13. Ralph Bunche Park honors UN history

  • Ralph Bunche Park
  • Ralph Bunche Park

Ralph Bunche Park, a small park located across from the United Nations, was named in 1979 after the first African American winner of the Nobel Peace Prize. The park was dedicated as New York City’s first Peace Park along the stretch of First Avenue known as United Nations Plaza. The park is connected to Tudor City in neighboring Murray Hill via a granite staircase whose wall features the famous quotation from Isaiah: “They shall beat their swords into plowshares, and their spears into pruning hooks; nation shall not lift up sword against nation, neither shall they learn war any more.” The steps are named for Natan Sharansky, a Soviet dissident and chairman for the Institute for the Study of Global Antisemitism and Policy.

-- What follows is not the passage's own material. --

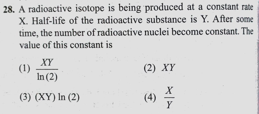 A radioactive isotope is being produced at a constant rate X. Half-life of the radioactive substance is Y. After some time, the number of radioactive nuclei become constant. The value of this constant is A radioactive isotope is being produced at a constant rate X. Half-life of the radioactive substance is Y. After some time the number of radioactive nuclei become constant. The value of this constant is October 17, 2020 Category: Uncategorised (JEE Advanced Physics by BM Sharma + GMP Solutions) , Facebook Messenger WhatsApp Share this:TwitterFacebook Related

Bunche received the 1950 Nobel Peace Prize for his mediation in the decades-long Israel-Palestine conflict, negotiating an armistice between Egypt and Israel in 1948. For his work in the Sinai, the Congo, Yemen, Cyprus, and Bahrain, Bunche was awarded the Presidential Medal of Freedom in 1963. Bunche’s friend Daniel LaRue Johnson dedicated to Bunche a stainless-steel obelisk at the park called Peace Form One. The park also contains a plaque honoring civil rights activist Bayard Rustin.